If we wanted to have multiple Hadoop clusters access the data, we needed to have the data on the respective HDFS filesystem for each cluster. This is a large part of the contention our developers were experiencing. Specifically, access to the data, the ability to process it, and the resources needed to house it.

Moving the data to Ceph and accessing it remotely via S3 solved this problem. By allowing many Spark jobs to read and write data simultaneously, consumability and access were no longer an issue.

It was quickly becoming clear that Ceph would provide a much more robust approach to distributed storage. On top of that, the Juju Ceph charms make deployment straight forward and painless.

What’s “data lifecycle management”? What problems were you facing that are solved by your new storage backend?

Migrating the data back and forth from HDFS to long term storage was a huge pain point. We could process data on HDFS just fine, but getting the data in and out of the distributed file system to a proper long term storage system on a frequent basis was creating contention. It limited how often jobs could be run. A user would need to wait for data to finish transferring before the cluster was available to run the next job.

That sounds like a great win for PeopleDataLab’s developers. You mentioned “API consistency and scale” as well. Would you mind explaining how those two are related?

Simply put, we can make Ceph talk to AWS S3. That makes it really easy to point our Spark jobs at wherever the data lives in Ceph.

The Hadoop AWS module makes this very easy. Plugging that into Ceph and Radosgw (HTTP REST gateway for the RADOS object store) meant that remote access via Spark is suddenly compatible with S3. 

Decoupling storage from compute by moving to Ceph S3 opened up a whole new world for us. We were already using object storage a fair amount for other purposes, just not for our processing backend.

This change allowed us to run jobs in the public cloud using Spark in the same way jobs are executed on premise. 

That’s really cool. I suppose that feeds into your “operational simplicity” point?

That’s right. After decoupling the storage with Ceph and dropping the need for HDFS, we only had to account for a single process: Spark.

Previously we had to account for a whole ocean of applications that needed to run in harmony. That was the reality for us running Pyspark on top of Cloudera Hadoop. 

Having the data on separate infrastructure allowed us to manage the compute and storage independent of each other. This enhanced user access, made the data lifecycle simpler, and opened up doorways for us to more easily run our workload in the cloud and on-prem alike.

Day-N benefits of Juju

Juju handles the details. All I needed to do was get Spark running with storage support. Juju completely manages the gritty details of talking to the underlying hosting infrastructure.

James Beedy, Omnivector Solutions

Supporting two hosting environments—cloud and on-prem—doesn’t sound like it matches your “ease of implementation” point.

That’s where Juju comes in.
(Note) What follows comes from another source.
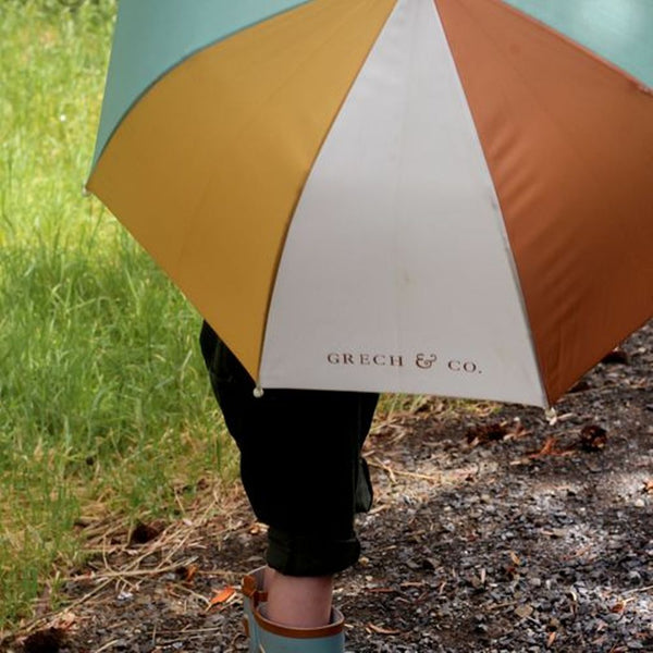 Our kids umbrellas are proudly made with sustainable and eco-friendly materials.The fabric of the umbrella is made from recycled used bottles turned into recycled polyester fabric.The frame of the umbrella is made of fibreglass, offering strength against wind force.Made with a vegan leather finish, the...

Juju handles the details. All I needed to do was get Spark running with storage support. Juju completely manages the gritty details of talking to the underlying hosting infrastructure.

Knowing that I wasn’t going to need to account for HDFS anymore, I took a closer look at Spark’s internal storage requirements: Spark has a need for an executor workspace and a cache. 

From prior experience I knew that Juju’s storage model fit this use case.

Sorry to interrupt, but could you please explain the term “Juju storage model” for anyone that’s not familiar?

Juju allows you to provision persistent storage volumes and attach them to applications. Actually that’s not the whole story. The Juju community would use the phrase, “Juju allows you to model persistent storage.”

Everything managed by Juju is “modelled”. The community calls this “model-driven operations”. You declare a specification of want you, e.g. “2x200GB volumes backed by SSD”. Juju implements that specification.

The term modelling is used because storage—and other things managed by Juju such as virtual machines and networking—is, in some sense, abstract. When we’re talking about an entire deployment, we actually don’t care about a block device’s serial number. And from my point of view, I just care that Spark will have access to sufficient storage to get its job done.

Okay cool, so it’s easy to give Spark access to two storage volumes, one for its executor workspace and the other for its working cache.

That’s right. Juju completely solves the storage challenge. But now we need to package the various Hadoop libs that Spark needs for our specific use case. Spark versions are tied to Hadoop versions, so this is more complicated than it should be.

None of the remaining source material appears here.